• **What is needed**: The expected response is the complete listing below, restated exactly, with its pictures omitted.

• **Data block**:
++++

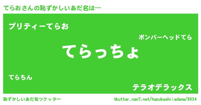| 意味不明あだ名 | 『てらおフォーエバー』『ペロリンてらお』 |
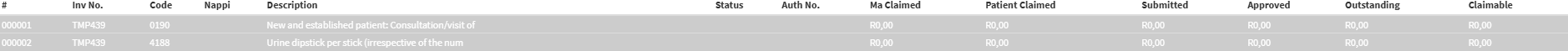 - Claimable: The amount that can still be claimed from the Medical Aid for this line item
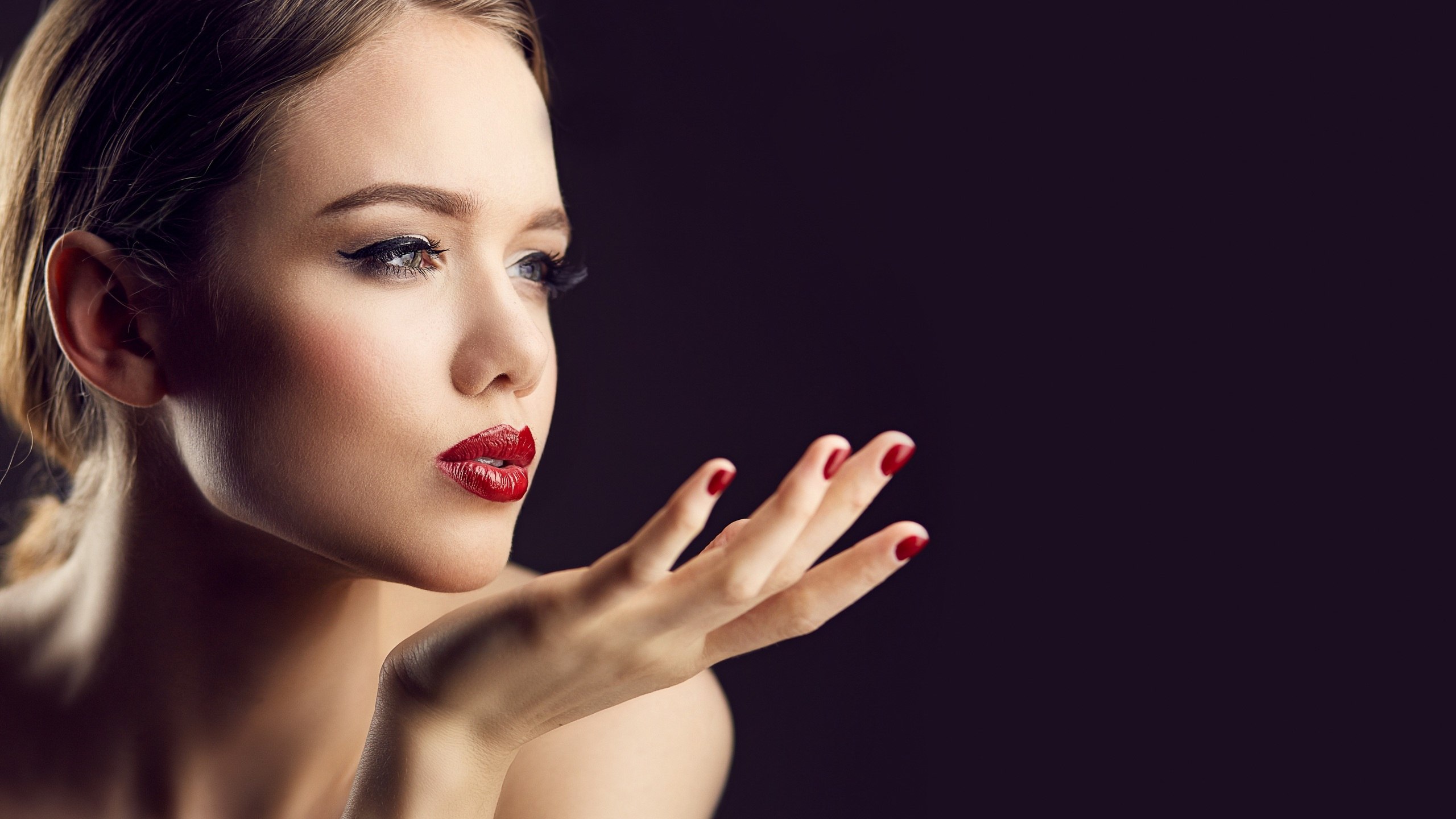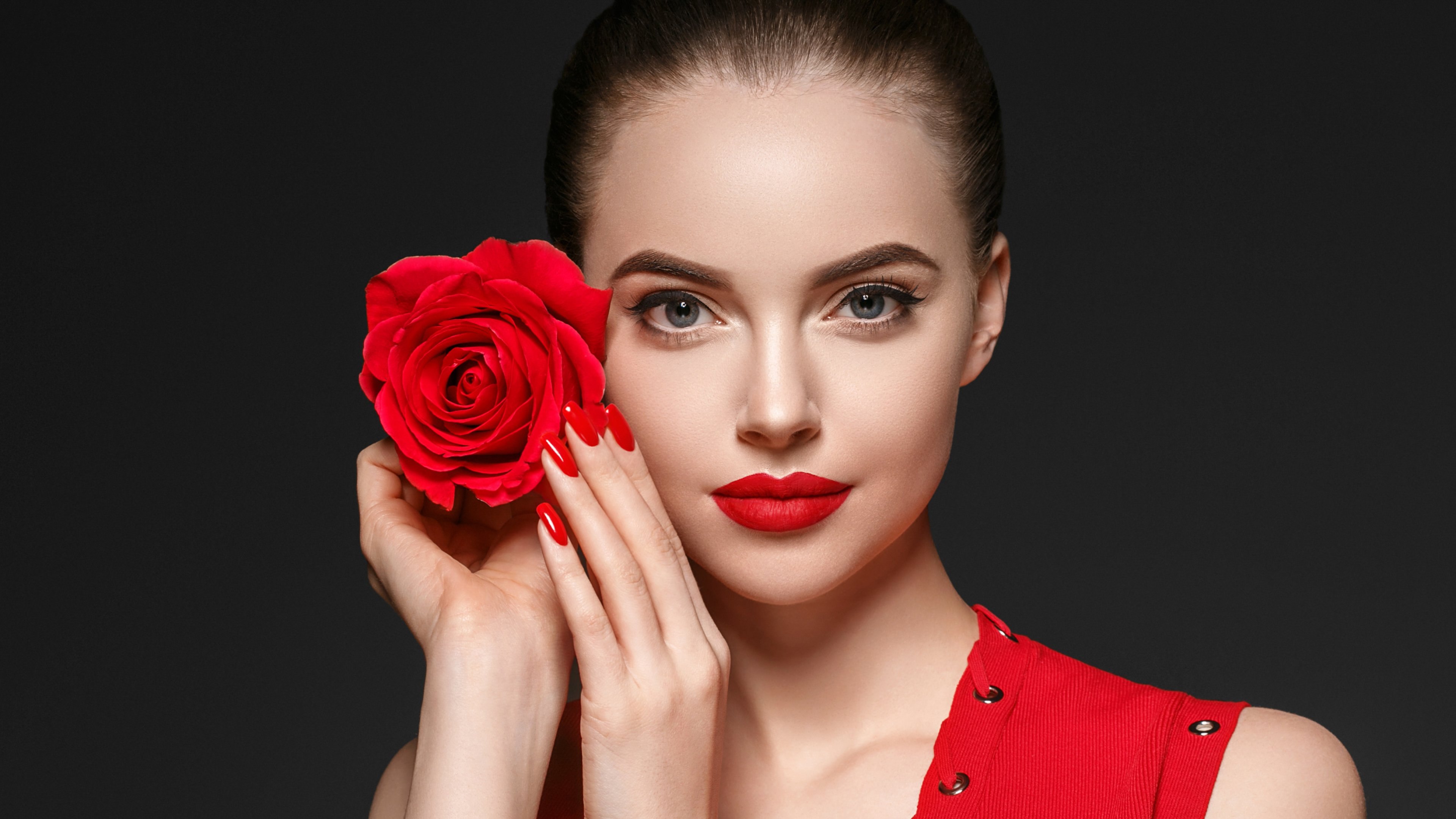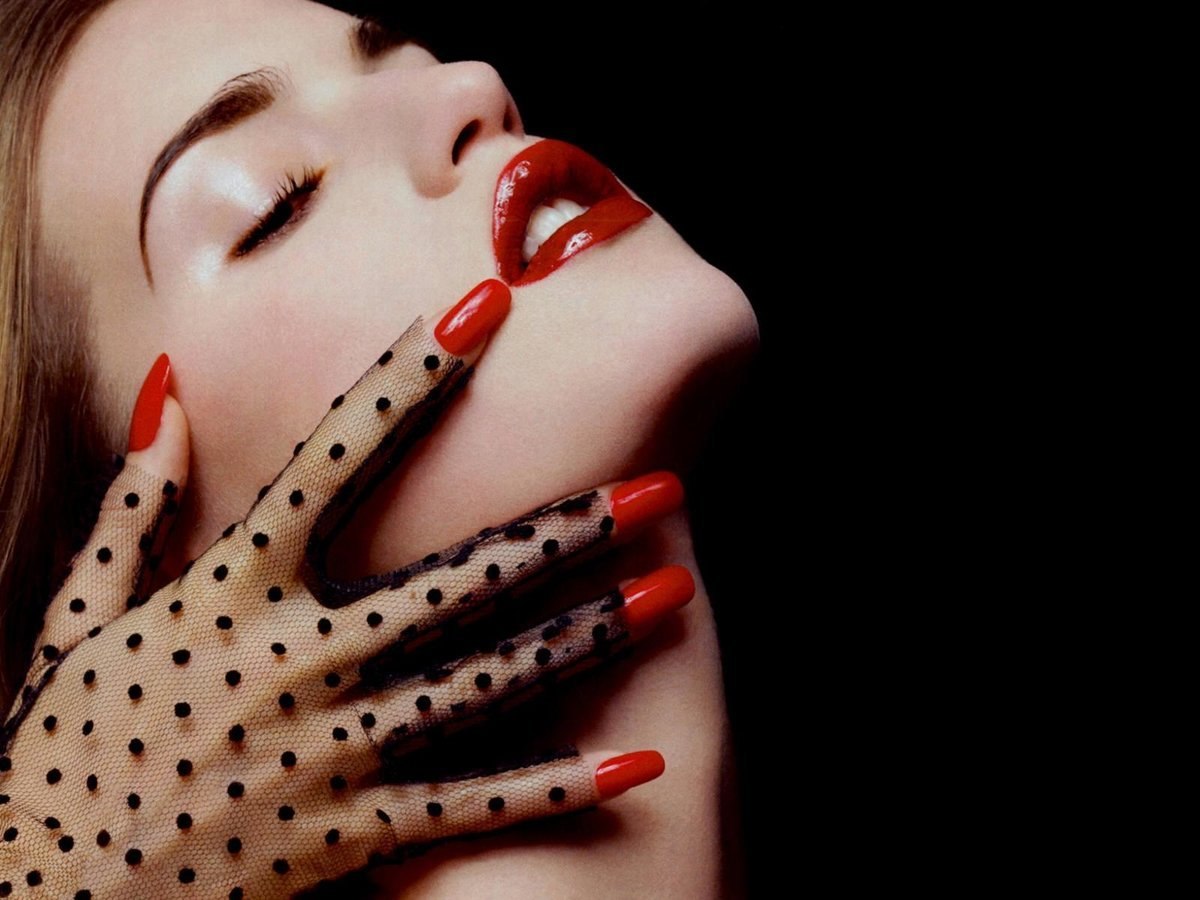 Девушка с красными губами и ногтями

++++

• **Answer box**:
| 意味不明あだ名 | 『てらおフォーエバー』『ペロリンてらお』 |
 - Claimable: The amount that can still be claimed from the Medical Aid for this line item
 Девушка с красными губами и ногтями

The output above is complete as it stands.